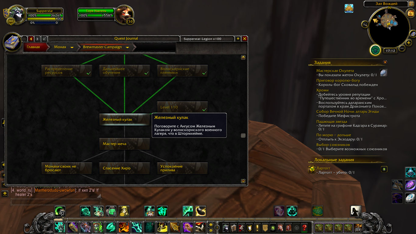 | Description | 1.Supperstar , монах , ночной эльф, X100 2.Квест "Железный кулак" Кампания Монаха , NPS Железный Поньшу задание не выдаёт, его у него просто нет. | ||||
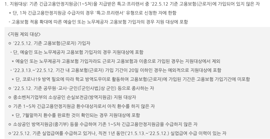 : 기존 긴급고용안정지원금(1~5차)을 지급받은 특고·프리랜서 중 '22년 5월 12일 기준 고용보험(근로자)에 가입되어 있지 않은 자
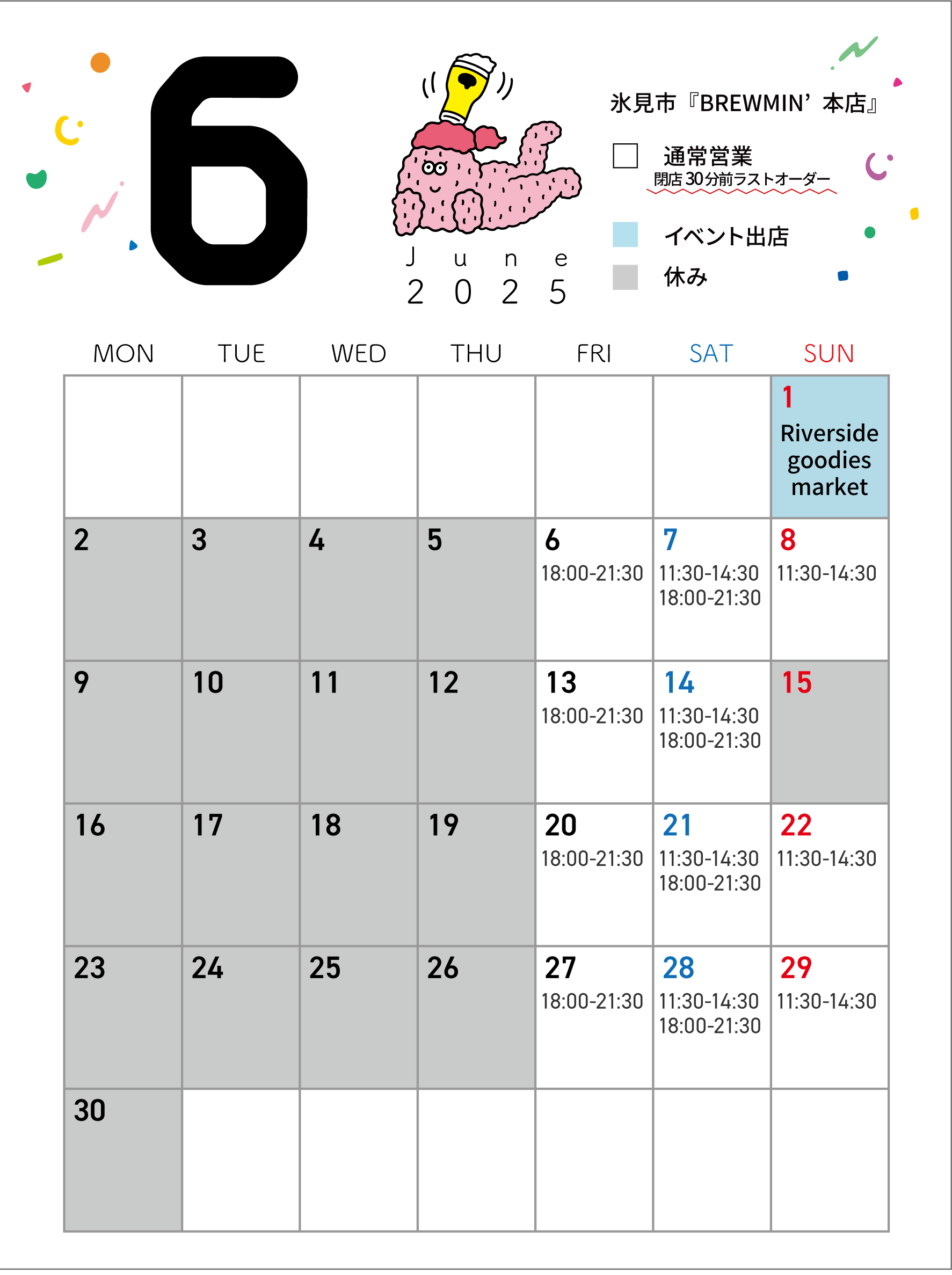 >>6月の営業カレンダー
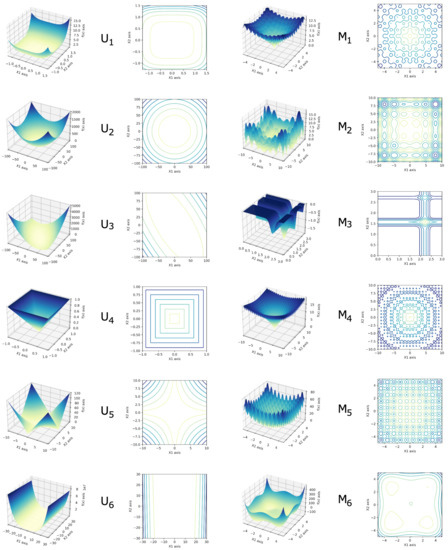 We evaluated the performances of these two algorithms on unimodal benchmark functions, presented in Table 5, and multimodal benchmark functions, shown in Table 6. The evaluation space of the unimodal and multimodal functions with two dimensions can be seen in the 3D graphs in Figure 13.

==

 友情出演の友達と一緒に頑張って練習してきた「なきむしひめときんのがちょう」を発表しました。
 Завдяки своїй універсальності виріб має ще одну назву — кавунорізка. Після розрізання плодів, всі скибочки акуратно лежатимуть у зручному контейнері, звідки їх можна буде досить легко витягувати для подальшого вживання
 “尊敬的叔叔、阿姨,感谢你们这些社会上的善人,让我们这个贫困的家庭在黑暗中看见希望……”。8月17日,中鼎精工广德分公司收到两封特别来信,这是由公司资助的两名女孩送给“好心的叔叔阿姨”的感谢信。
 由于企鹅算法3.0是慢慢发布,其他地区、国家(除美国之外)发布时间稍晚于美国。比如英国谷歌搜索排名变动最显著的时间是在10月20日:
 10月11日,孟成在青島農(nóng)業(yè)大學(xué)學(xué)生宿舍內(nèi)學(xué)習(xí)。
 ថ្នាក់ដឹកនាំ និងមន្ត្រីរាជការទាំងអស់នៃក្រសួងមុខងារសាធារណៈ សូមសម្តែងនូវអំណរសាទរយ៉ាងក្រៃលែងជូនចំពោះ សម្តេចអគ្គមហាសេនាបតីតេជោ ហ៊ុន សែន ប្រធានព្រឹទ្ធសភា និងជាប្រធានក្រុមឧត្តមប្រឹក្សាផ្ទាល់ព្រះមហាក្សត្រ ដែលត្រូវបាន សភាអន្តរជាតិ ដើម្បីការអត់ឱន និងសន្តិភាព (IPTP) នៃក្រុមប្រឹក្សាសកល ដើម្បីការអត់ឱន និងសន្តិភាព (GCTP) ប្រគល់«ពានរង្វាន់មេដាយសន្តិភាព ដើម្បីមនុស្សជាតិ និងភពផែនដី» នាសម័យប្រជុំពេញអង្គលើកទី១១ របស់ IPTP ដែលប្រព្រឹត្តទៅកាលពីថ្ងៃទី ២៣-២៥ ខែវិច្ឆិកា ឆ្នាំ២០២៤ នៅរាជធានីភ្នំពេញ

▸ **Exercise instructions**: Restate word for word the entries above, starting at the line with "由于企鹅算法3.0是慢慢发布" and ending at the line with "10月11日,孟成在青島農(nóng)業", inclusive, and no others.

▸ **Exercise solution**:
 由于企鹅算法3.0是慢慢发布,其他地区、国家(除美国之外)发布时间稍晚于美国。比如英国谷歌搜索排名变动最显著的时间是在10月20日:
 10月11日,孟成在青島農(nóng)業(yè)大學(xué)學(xué)生宿舍內(nèi)學(xué)習(xí)。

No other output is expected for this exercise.